Accordingly, the low current driver 121 may apply the first output
current that is low current to the backlight 130 using the applied
first PWM signal PWML. For example, in the case where the light
emitting diodes emit light with a brightness of low grayscale
corresponding to a first stage 410, the display device may apply
the first PWM signal (PWML) 411 for a first unit of time (0 to 0.2
T). In this case, the low current driver 121 may apply current 413
of 0.2 A to the backlight 130 for the first unit of time (0.2 T)
using the first PWM signal PWML. Accordingly, the light emitting
diodes of the backlight 130 may emit light with a brightness of low
grayscale corresponding to the first stage 410 by the current of
0.2 A that is applied for the first unit of time (0.2 T).

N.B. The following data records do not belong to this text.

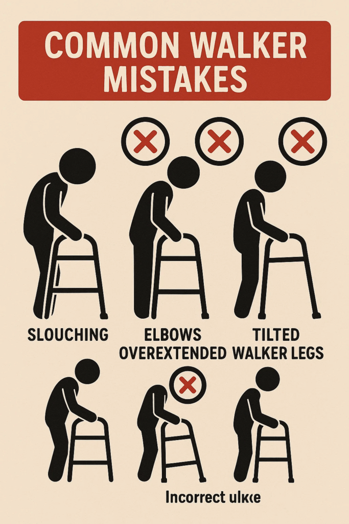 Unknowingly, a lot of users set their walker height based more on guesswork than on measurement. Setting the walker too high in the belief that it provides more support is a common mistake. In practice, this results in unsteady, uncomfortable walking patterns and shoulder fatigue. Similarly, lowering it too much makes one bend over, which raises the risk of falls and chronic back pain. Our blog post on how to use a Walker correctly addresses these posture-related mistakes.
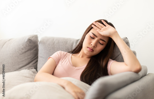 Asian young woman holding her hands on the forehead and have a headache on the sofa.
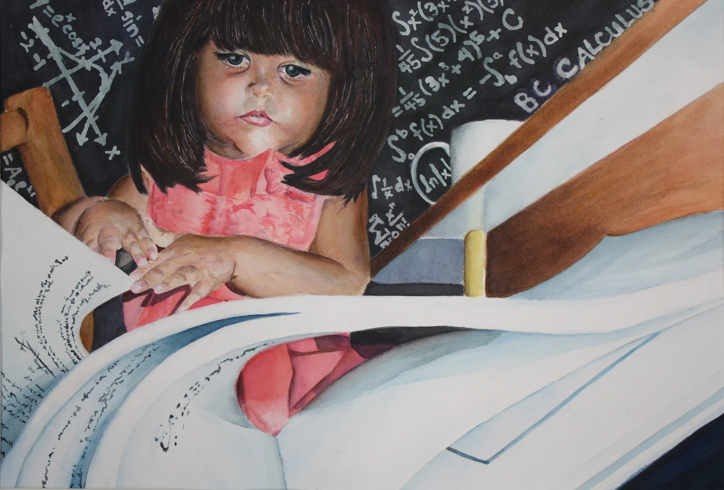 A prodigy child, just brushing up on her calculus after taking a sip from her cup of coffee with her adorable baby hands. My 3rd ever traditional watercolor portrait painting. This is the painting that solidified my love for watercolor.

[0062] As another example, in the case where the light emitting
diodes emit light with a brightness of low grayscale corresponding
to a second stage, the display device may apply the first PWM
signal PWML for a second unit of time (0 to 0.4 T). In this case,
the low current driver 121 may apply current of 0.2 A to the
backlight 130 for the second unit of time (0 to 0.4 T) using the
first PWM signal PWML. Accordingly, the light emitting diodes of
the backlight 130 may emit light with a brightness that is brighter
than the brightness of low grayscale of the first stage.
[0063] As illustrated in FIG. 4, in the case where the light
emitting diodes emit light with a brightness of low grayscale
corresponding to a fifth stage in a state where 5 sections are set
by PWM periods, the display device may apply the first PWM signal
PWML for a fifth unit of time (0 to 1 T). In this case, the low
current driver 121 may apply current of 0.2 A to the backlight 130
for the fifth unit of time (0 to 1 T). Accordingly, the light
emitting diodes of the backlight 130 may emit light with the
maximum brightness that can be emitted at low grayscale.
[0064] FIG. 5 is an exemplary diagram of PWM dimming waveforms for
the whole grayscale extension of dimming resolution in a display
device according to an embodiment of the present disclosure.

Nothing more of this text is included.